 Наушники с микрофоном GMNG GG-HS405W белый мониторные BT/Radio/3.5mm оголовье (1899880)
...
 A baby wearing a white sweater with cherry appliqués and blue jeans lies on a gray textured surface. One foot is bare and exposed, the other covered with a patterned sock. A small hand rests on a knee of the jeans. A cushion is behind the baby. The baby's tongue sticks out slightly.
...
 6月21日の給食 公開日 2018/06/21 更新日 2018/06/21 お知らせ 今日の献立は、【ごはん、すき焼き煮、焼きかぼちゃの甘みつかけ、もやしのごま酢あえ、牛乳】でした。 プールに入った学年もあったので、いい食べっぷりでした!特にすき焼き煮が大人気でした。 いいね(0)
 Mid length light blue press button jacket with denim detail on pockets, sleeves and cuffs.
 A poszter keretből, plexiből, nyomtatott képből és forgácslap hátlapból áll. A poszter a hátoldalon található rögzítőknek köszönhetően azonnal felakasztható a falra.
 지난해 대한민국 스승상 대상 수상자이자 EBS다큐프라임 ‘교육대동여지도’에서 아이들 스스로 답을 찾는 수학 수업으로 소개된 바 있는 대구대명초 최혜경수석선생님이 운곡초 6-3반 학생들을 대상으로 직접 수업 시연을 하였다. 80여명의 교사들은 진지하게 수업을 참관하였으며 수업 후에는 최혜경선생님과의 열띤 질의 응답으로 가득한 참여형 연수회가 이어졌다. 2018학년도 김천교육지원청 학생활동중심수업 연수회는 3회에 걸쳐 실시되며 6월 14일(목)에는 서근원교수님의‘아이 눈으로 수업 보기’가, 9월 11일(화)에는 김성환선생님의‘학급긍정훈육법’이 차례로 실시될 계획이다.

- _WHAT TO DO_: The answer is the lines above between the line holding "6月21日の給食 公開日 2018/06/21" and the line holding "Mid length light", inclusive, each written out exactly, and no others.

- _REPLY TO THE TASK_:
 6月21日の給食 公開日 2018/06/21 更新日 2018/06/21 お知らせ 今日の献立は、【ごはん、すき焼き煮、焼きかぼちゃの甘みつかけ、もやしのごま酢あえ、牛乳】でした。 プールに入った学年もあったので、いい食べっぷりでした!特にすき焼き煮が大人気でした。 いいね(0)
 Mid length light blue press button jacket with denim detail on pockets, sleeves and cuffs.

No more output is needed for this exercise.